问题
I'm trying to create wide chars file using MinGW C on Windows, however wide chars seem to be omitted. My code:
const wchar_t* str = L"příšerně žluťoučký kůň úpěl ďábelské ódy";
FILE* fd = fopen("file.txt","w");
// FILE* fd = _wfopen(L"demo.txgs",L"w"); // attempt to open wide file doesn't help
fwide(fd,1); // attempt to force wide mode, doesn't help
fwprintf(fd,L"%ls",str);
// fputws(p,fd); // stops output after writing "p" (1B file size)
fclose(fd);
File contents
píern luouký k úpl ábelské ódy
The file size is 30B, so the wide chars are really missing. How to convince the compiler to write them?

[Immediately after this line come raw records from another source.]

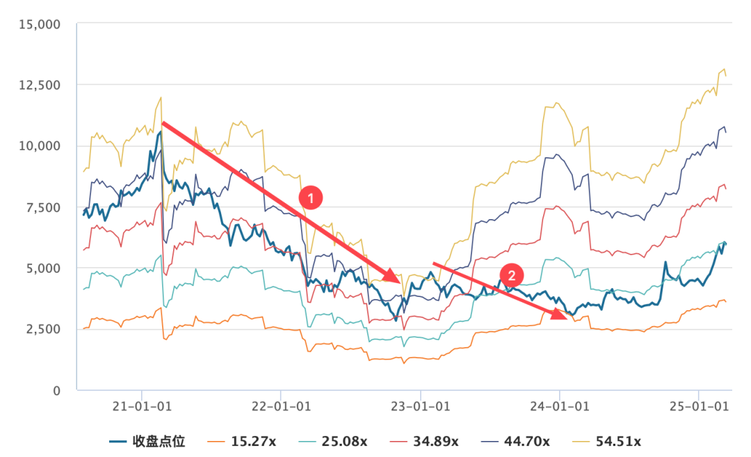 恒生科技始于 2021 年的熊市,严格来说要分为两段。第一段❶是 2021 年初到 2022 年末,一方面可以看到PE-Bands大幅下挫,意味着的确当时中概股的利润在迅速滑坡,另一方面实际线的位置也从最高的模拟线回落至平均线区域。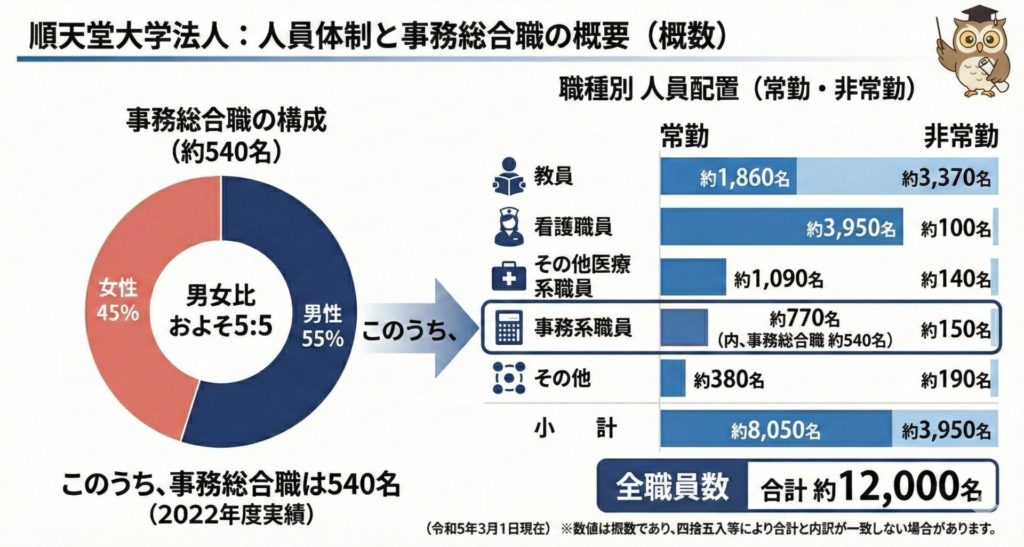 順天堂大学の全職員数は常勤・非常勤合わせて約12,000名(令和5年3月1日時点)です。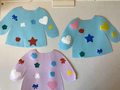 鶴ヶ谷幼稚園の年中組で、2学期の当番表製作をしました。スモック型の画用紙に、スタン…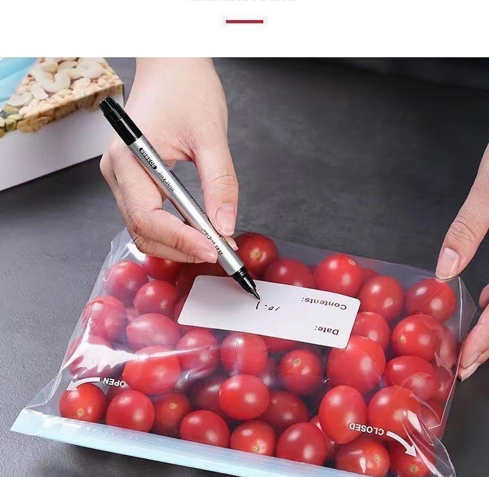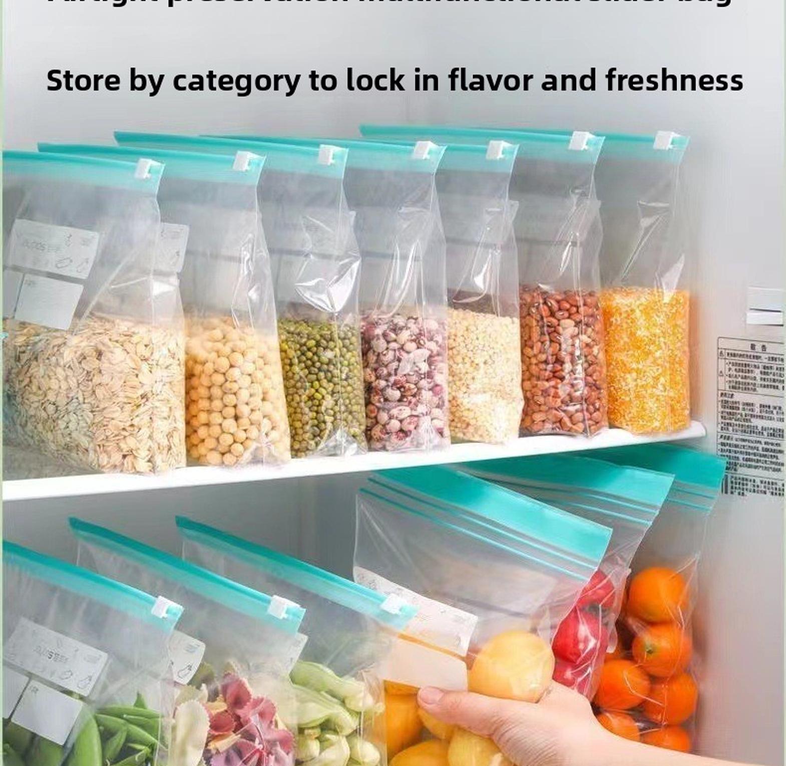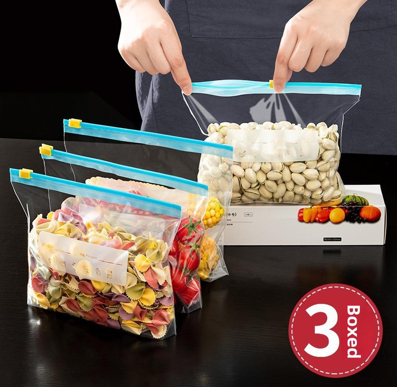 15pc reusable zipper bags, ziplock paper bags reusable fridge bags with zipper and box packing. size 23*16cm(15pc) also available at the same price, size 26*32cm(10pc) 1.high-quality pe material, thick, fresh and durable. 2.double-channel clip chain, suction double-layer clip chain, good sealing. 3.intimate record area, record the name and date of the food. 4.good sealing, waterproof, moisture-proof and leak-proof. wrap plastic ziplock bags food storage bags reusable refrigerator organizer fruit grain fresh-keeping plastic storage container.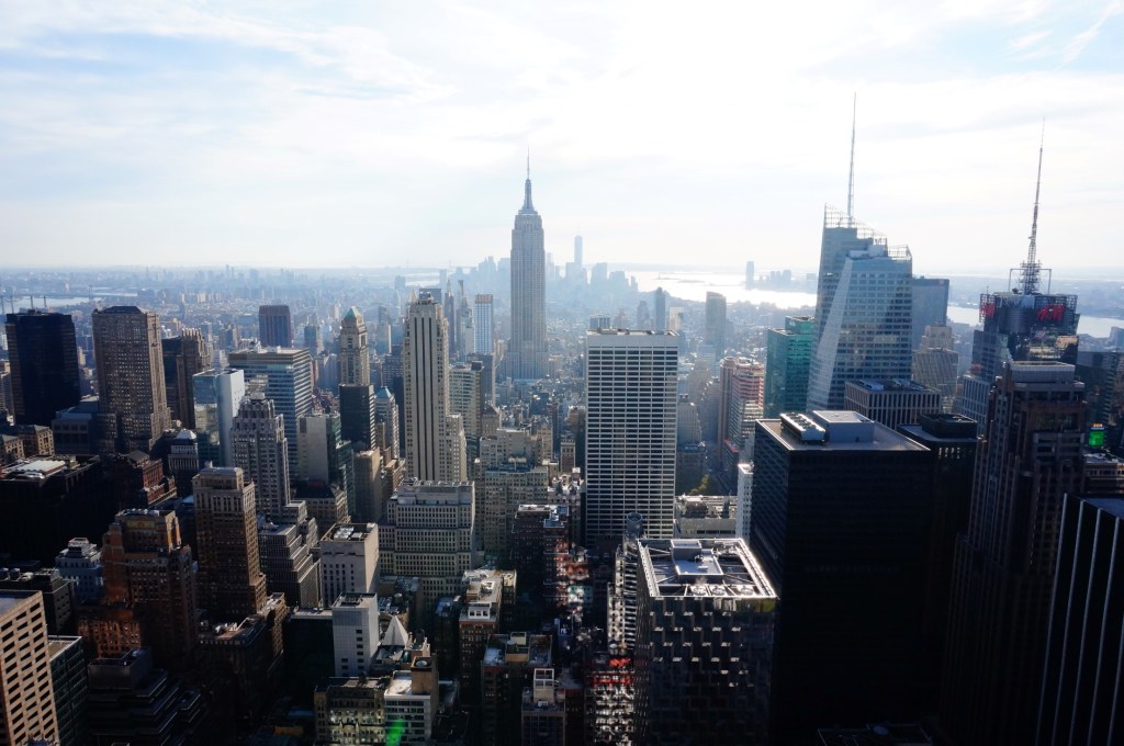 We gaan met plezier op in het stadse tafereeltje, maar we zijn hier voornamelijk voor Top of the Rock. Dat is een van de, zoniet het beroemdste panoramische uitzichtpunt van de stad en het torent een indrukwekkende 250 meter boven straatniveau. Da’s lager dan het panoramaplatform van het Empire State Building en veel lager dan het gloednieuwe One World Observation Deck, maar Top of the Rock staat alsnog bekend omwille van haar onvergetelijke views op Central Park en downtown Manhattan. Is het de moeite waard? Tja, dat moet je zelf bepalen. Dertig dollar is immers niet niks om snel wat standaardfoto’s te scoren. Dankzij het heldere weer kunnen we echter vele kilometers in de verte staren (hallo Vrijheidsbeeld!) en het is sowieso best een fijn gevoel om op het dak van deze wereldstad te staan.

As @chqrlie suggests in the comments: the result of
fwrite(str, 1, sizeof(L"příšerně žluťoučký kůň úpěl ďábelské ódy"), fd);
is 82 (I guess 2*30 + 2*10 (ommited chars) + 2 (wide trailing zero)).
It also might be useful to quote from here
The external representation of wide characters in files are multibyte characters: These are obtained as if wcrtomb was called to convert each wide character (using the stream's internal mbstate_t object).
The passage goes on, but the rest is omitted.